Like the One-Sided Selection method, the Neighborhood Cleaning Rule method incorporates a data-cleaning part in the calculation process for sample balancing, which is helpful for improving data quality. Its weakness is that the setting of the intermediate process makes it impossible for the user to specify the balancing ratio of the final data set.

### 2.6 RandomOverSampler

This method is as simple as repeatedly randomly picking samples of the minority class until the number of minority class samples picked is close to that of the majority samples.

RandomOverSampler is widely used in practice, but the randomness of its sampling also makes the information value of the balanced data set fluctuate randomly.

### 2.7 SMOTE

SMOTE is an innovative method that aims to generate new minority samples to solve the sample imbalance problem. For each minority sample ${x}_{i}$ in the subset of all the current minority samples, a $k$-NN algorithm is used to find the $k$ most similar samples of the same class and randomly select one of the $k$ most similar samples, labeled ${x}_{j}$. A new minority sample ${x}_{\mathrm{new}}$ will then be generated as

${x}_{\mathrm{new}}={x}_{i}+\mathrm{gap}({x}_{j}-{x}_{i}),$ | (2.7) |

where $\mathrm{gap}$ is a random number in $[0,1]$.

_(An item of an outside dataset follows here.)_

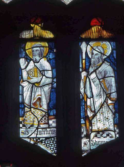 Westham, St Mary Good remains of C15 glass in the tracery lights of the E window, somewhat restored, but displaying thirteen figures, the twelve Apostles with St Paul, each conveniently labelled, carrying a traditional emblem and set on a chequered floor. Paul is given pride of place in the top row, flanked by Sts Peter and Bartholomew with Andrew and St James beyond; in the second row (left to right) are Sts John, Simon, Judas, Matthias, Matthew, Thomas, Philip and James the Less, between two angels at the extremities.
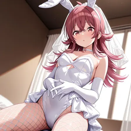 red hair, long hair, red eyes,medium breasts,hair between eyes,ahoge,crossed bangs,

After repeating the above generating process, the new minority samples generated will finally meet the preset balancing ratio requirements.

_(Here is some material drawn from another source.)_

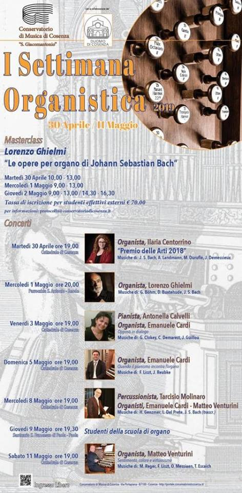Dal 30 aprile al 1 maggio, Lorenzo Ghielmi, uno dei massimi conoscitori dell’opera organistica di Johann Sebastian Bach, terrà una masterclass rivolta sia agli studenti del conservatorio che ad organisti esterni, , utilizzando l’organo della Cattedrale di Cosenza e l’organo Zeni del Conservatorio. Lo stesso Ghielmi si esibirà in un concerto presso la Chiesa di S. Antonio a Rende la sera del 1 maggio alle ore 20 con un programma dedicato alla musica organistica nord europea del XVII e XVIII secolo.

The advantage of SMOTE is that it is easy to implement, completely retains the majority class samples and makes the sample space more complete for classification by generating minority class samples. However, since it treats all minority samples equally and does not consider the class information of adjacent samples, different class samples in the same location of the sample space as sample aliasing commonly overlap, and the randomness in the generation process may generate some samples that cannot provide useful information, leading to the overfitting of credit-scoring models.

### 2.8 Variants of SMOTE

Variants of the SMOTE method have been designed to improve performance. Borderline-SMOTE is a representative variant method. It first uses the $k$-NN method to detect borderline minority samples (which are minority samples close to majority samples), and then it generates new minority samples according to

${x}_{\mathrm{new}}={x}_{i}^{\prime}+\mathrm{gap}({x}_{j}^{\prime}-{x}_{i}^{\prime}),$ | (2.8) |

where $\mathrm{gap}$ is a random number in $[0,1]$, and ${x}_{i}^{\prime}$ and ${x}_{j}^{\prime}$ are borderline minority samples instead of whole minority samples.

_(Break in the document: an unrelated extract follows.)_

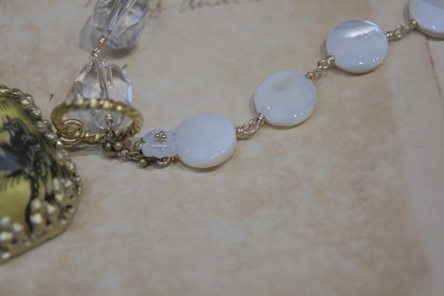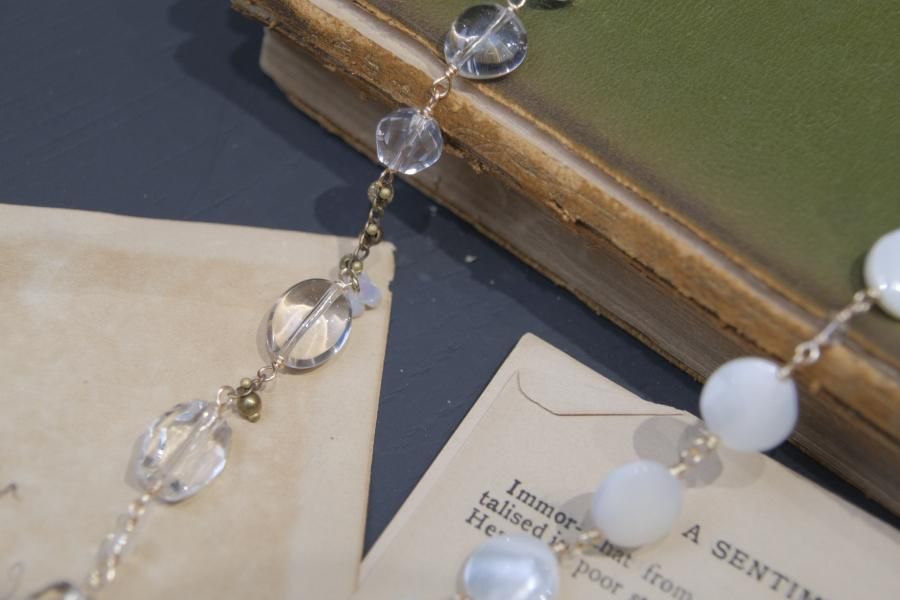 チェーンはパール、珊瑚、クォーツ(水晶)などの天然石を使用しており、

The most useful feature of the borderline-SMOTE method is that, unlike the SMOTE method, it learns the boundary of different class samples as accurately as possible and derives new minority samples close to the boundary, making it easier for the scoring model to identify the classification boundary.

Another representative variant method is SVM-SMOTE. Unlike the borderline-SMOTE method, $k$-NN is substituted by SVM in order to improve the ability of the method to detect and recognize the borderline samples, while the rest of the process is similar to that of borderline-SMOTE. For the dichotomous problem, SVM aims to find the hyperplane in the feature space that maximizes the interval between the two classes of samples, that is:

$\mathrm{max}\gamma \mathit{\hspace{1em}}\text{such that}yi\left({\displaystyle \frac{{w}^{\mathrm{T}}}{|w|}}{x}_{i}+{\displaystyle \frac{b}{|w|}}\right)\ge \gamma ,i=1,2,\mathrm{\dots},n,$ | (2.9) |

where ${x}_{i}$ represents sample $i$, $w$ is the weight, $b$ is the fixed intercept, and the optimal solution is obtained based on the Varangian duality. The SVM-SMOTE method can be used to find more accurate borderlines than the borderline-SMOTE method, since the classification ability of SVM is generally better than that of $k$-NN, but it is also subject to the problem of overfitting.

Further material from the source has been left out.